### WORK INSTRUCTIONS
Restate word for word the lines of the material below, from the line with "レイクタウンkazeではファ" to the line with "Suriya attempts to", both lines included, and no others.

### TASK INPUT
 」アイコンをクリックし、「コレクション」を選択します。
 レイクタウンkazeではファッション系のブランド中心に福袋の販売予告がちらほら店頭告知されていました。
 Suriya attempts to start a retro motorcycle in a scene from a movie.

==

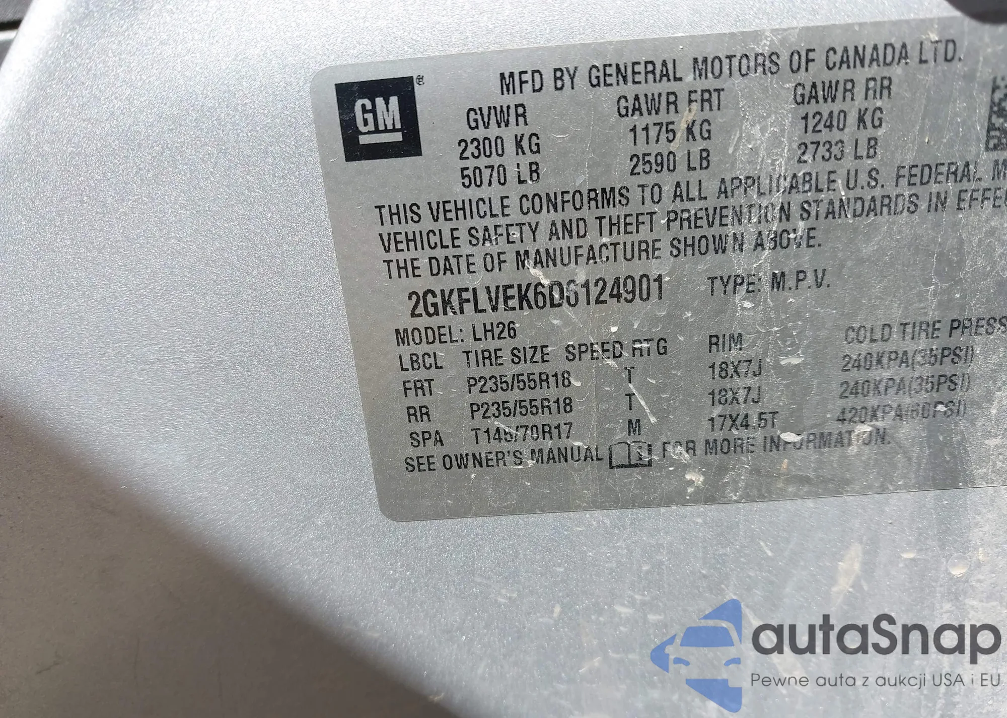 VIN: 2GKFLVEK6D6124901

### ANSWER SPACE
 レイクタウンkazeではファッション系のブランド中心に福袋の販売予告がちらほら店頭告知されていました。
 Suriya attempts to start a retro motorcycle in a scene from a movie.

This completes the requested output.